Manolo Pedrosa has read 41 books while in quarantine
The quarantine has been a “tough” and “crazy” period for everyone, GMA 7 actor Manolo Pedrosa said. But just the same, being stuck at home has led to valuable realizations and learnings, especially when it comes to setting goals and maintaining an efficient work routine to achieve them.
“I didn’t want to get bogged down in this quarantine but, alas, I can’t do anything about it, I’m stuck at home! What I can do is change my perception; create purpose—this is an opportunity to work on myself and my goals,” he wrote in a recent Instagram post.
Having a regular schedule for activities is crucial, Manolo stressed.

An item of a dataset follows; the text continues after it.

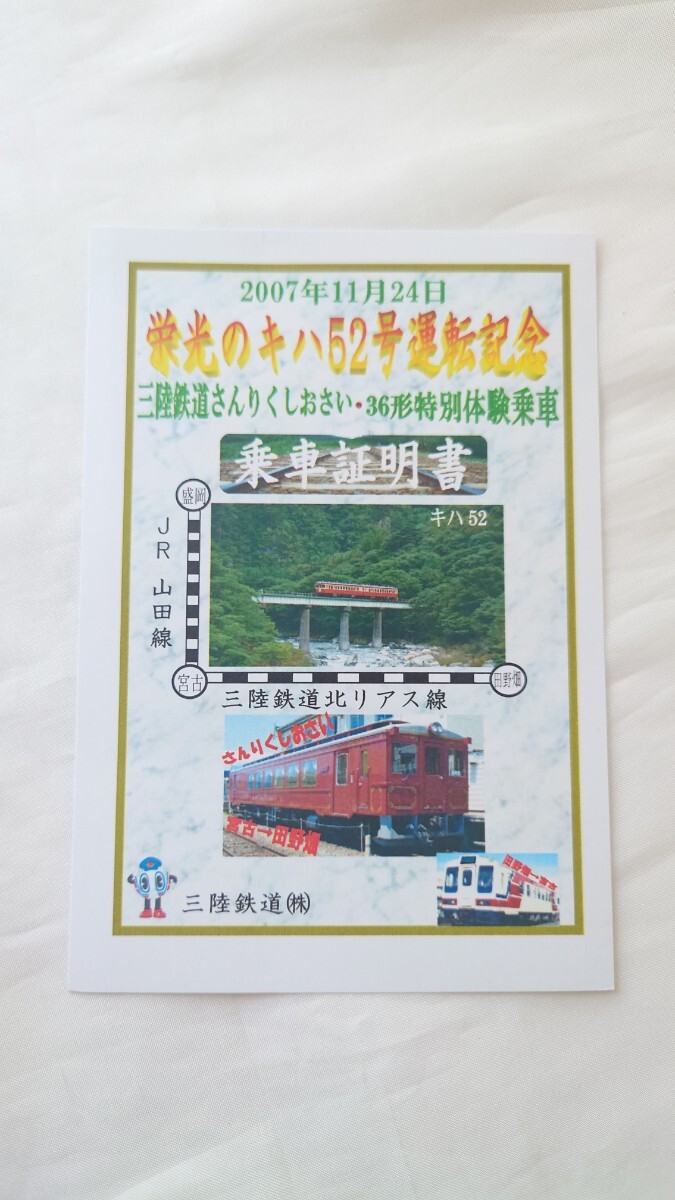 - ■三陸鉄道■栄光のキハ520号運転記念 乗車証明書■2007年

“Organizing your day by instilling desired habits at specific time blocks can help make things automatic to do. With the quarantine, we’re virtually living in repetitive days and such an environment is conducive for creating systems,” pointed out the former “Pinoy Big Brother” teen housemate.

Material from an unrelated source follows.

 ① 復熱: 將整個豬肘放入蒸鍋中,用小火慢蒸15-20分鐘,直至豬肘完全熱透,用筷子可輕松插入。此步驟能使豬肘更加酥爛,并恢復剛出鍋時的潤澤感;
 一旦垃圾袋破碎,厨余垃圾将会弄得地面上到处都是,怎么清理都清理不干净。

One of the things that has been keeping Manolo busy is reading books. He has finished 41 while in quarantine and even he is surprised. His reading list includes “Meditations” by Marcus Aurelius, “Man’s Search for Meaning” by Viktor Frankl and “The E-Myth” by Michael Gerber.
“It’s not the amount of books [you] read that’s important—it’s the knowledge gained,” he said.
Another passion of his is fitness. But he had to come to terms with the fact that resources are limited and that he needed to find new alternatives.
“With the restrictions of quarantine, for example, I couldn’t go to the gym, which is my No. 1 passion,” he said. “I accepted that and learned to be creative on how I can still train effectively. I realized that you could get away without requiring much—I was even able to build muscle!”
“The only thing I can’t be content with is the lack of haircut,” jested the 22-year-old actor, who moved to the Kapuso network in 2018 and was last seen in the 2019 drama series “Inagaw na Bituin.”
Manolo also opts to limit his time on social media to avoid distractions and commit to his tasks. True enough, he has posted only seven times this year on Instagram.
“To do this, I had my phone off most of the time, which means not much social media. With enough practice, you can enter a flow state. And you will be wondering where all the time went [while] actually enjoying your newfound habits,” he elated.
And while he considers himself as an introvert, solitude—although a familiar territory—is still a challenge to him during the quarantine.
“Self-communication is an underrated skill. You got to master yourself first, before anything else,” Manola said, adding that solitude may be important for self-growth.